PROBLEM TO SOLVE:
What must be written out is each line from the one holding "Back Beginning Control" through the end of the records, word for word, minus any pictures.

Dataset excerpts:
[Start of Attachment]

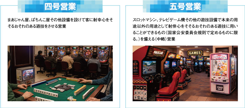 四号営業はパチンコ・パチスロなどを扱う営業で、パチンコホールがこれにあたる。五号営業はクレーンゲームやビデオゲームを扱う営業で、ゲームセンターなどの遊技機営業がこれにあたる。カプセルトイについては、法的な位置付けは飲み物などの自動販売機と同様になるので、今回のテーマで法的な問題となりうるのはクレーンゲームのみとなる。
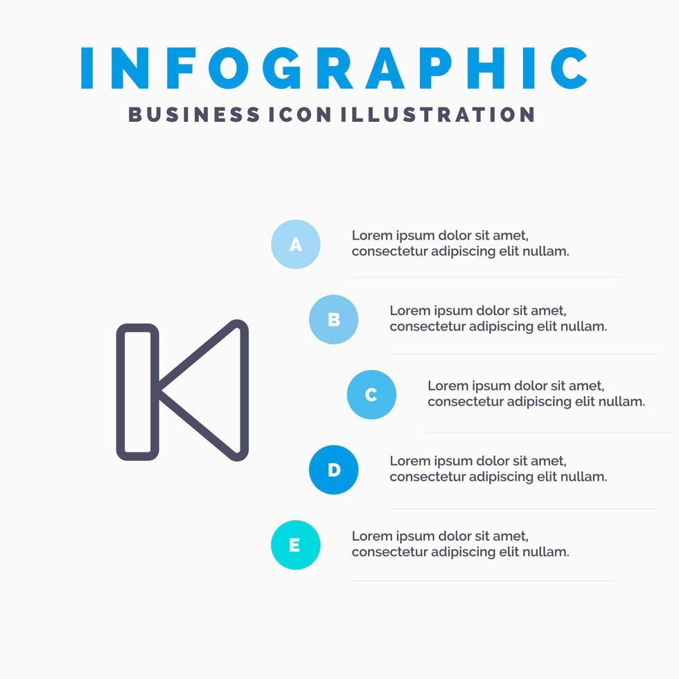 Back Beginning Control Media Start Line icon with 5 steps presentation infographics Background vector
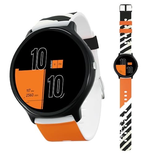 • FCUK TIDE with its 1.39″Full-touch screen and 360*360 Resolution Round Display is all set to Rock your Wrist with its ICONIC Look.; Supported Applications: Supports Applications like all Social Media channels/Text/Call Notifications, Bluetooth Calling, Raise & Wake Display, Voice Assistant, Do not Disturb mode, Find Watch, Weather Info, Photo Control, etc. Smart Fitness: Smart Fitness helps you to keep an Update about your Health with All your Exercise record, Step Count, Real time Heart Rate Check, Sleep Monitoring, Real time Blood Pressure Check and Oxygen Saturation.
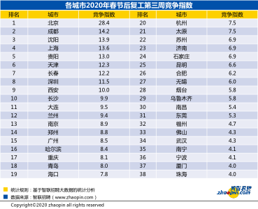 從競爭指數(shù)看,北京以28.4的競爭指數(shù)再次成為第一位,武漢的競爭指數(shù)較上一周的3.7雖有小幅上漲至4.3,但熱度排名下降兩位,這也與武漢以疫情防控為主,企業(yè)推遲復(fù)工時間至三月之后不無關(guān)系。
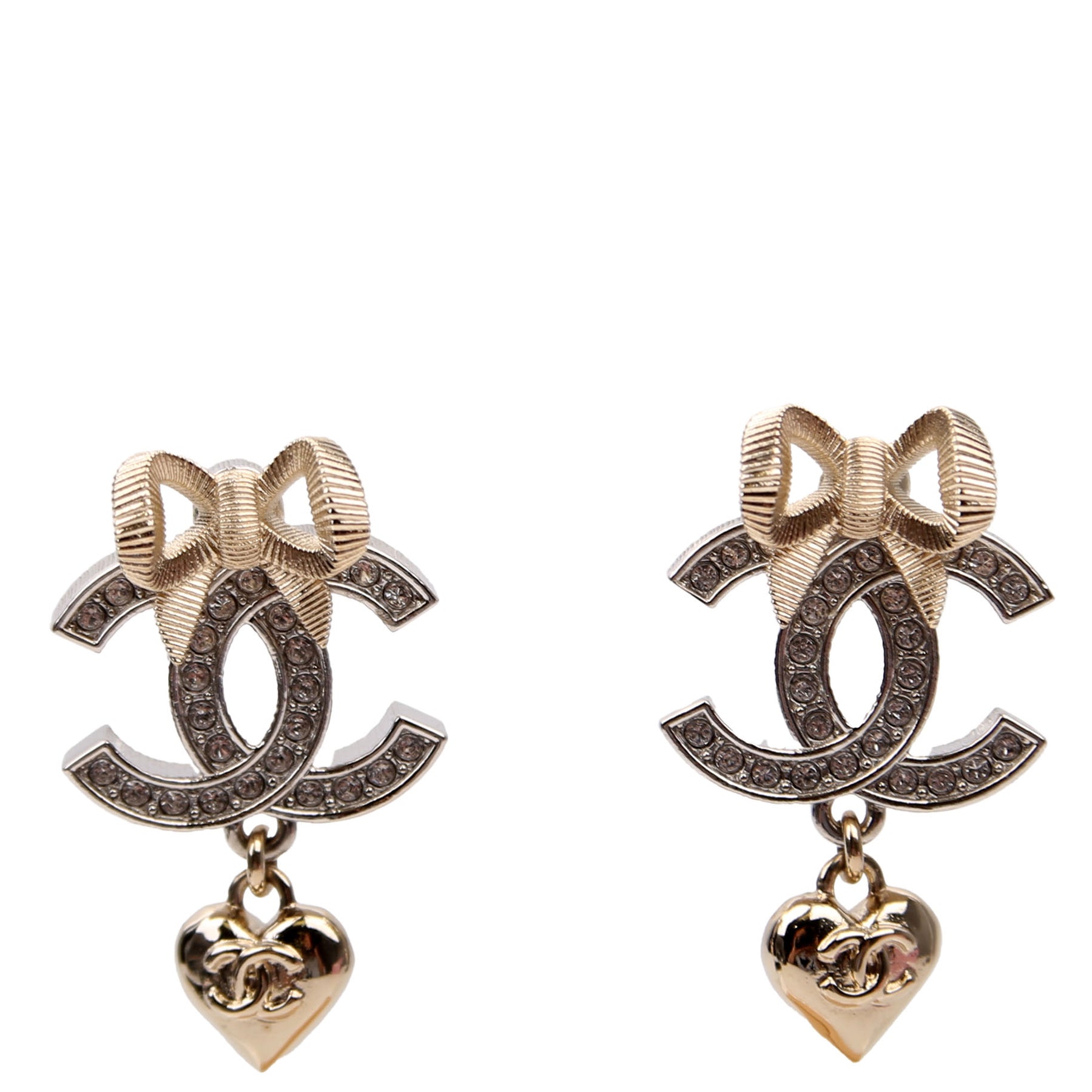 These pre-owned Chanel CC Strass Bow Heart Drop Stud Earrings are guaranteed 100% authentic.
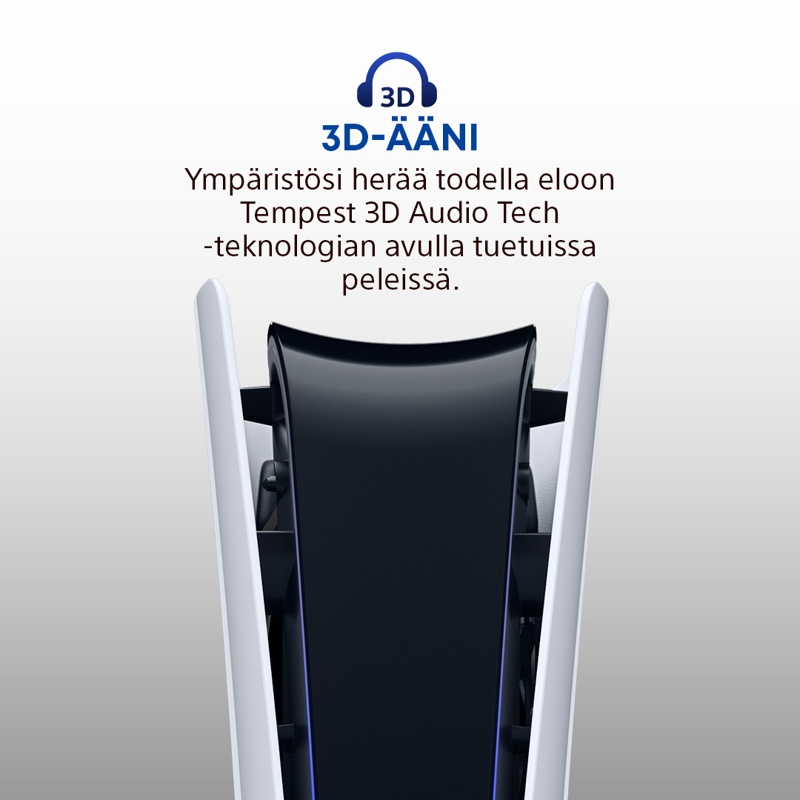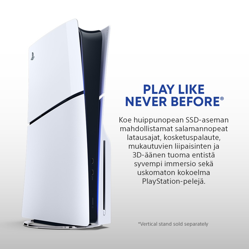 - Huom. PlayStation 5 Slim ei sisällä konsolin pystytukea. Pystytuki myydään erikseen.

[End of Attachment]

RESULT:
 Back Beginning Control Media Start Line icon with 5 steps presentation infographics Background vector
 • FCUK TIDE with its 1.39″Full-touch screen and 360*360 Resolution Round Display is all set to Rock your Wrist with its ICONIC Look.; Supported Applications: Supports Applications like all Social Media channels/Text/Call Notifications, Bluetooth Calling, Raise & Wake Display, Voice Assistant, Do not Disturb mode, Find Watch, Weather Info, Photo Control, etc. Smart Fitness: Smart Fitness helps you to keep an Update about your Health with All your Exercise record, Step Count, Real time Heart Rate Check, Sleep Monitoring, Real time Blood Pressure Check and Oxygen Saturation.
 從競爭指數(shù)看,北京以28.4的競爭指數(shù)再次成為第一位,武漢的競爭指數(shù)較上一周的3.7雖有小幅上漲至4.3,但熱度排名下降兩位,這也與武漢以疫情防控為主,企業(yè)推遲復(fù)工時間至三月之后不無關(guān)系。
 These pre-owned Chanel CC Strass Bow Heart Drop Stud Earrings are guaranteed 100% authentic.
 - Huom. PlayStation 5 Slim ei sisällä konsolin pystytukea. Pystytuki myydään erikseen.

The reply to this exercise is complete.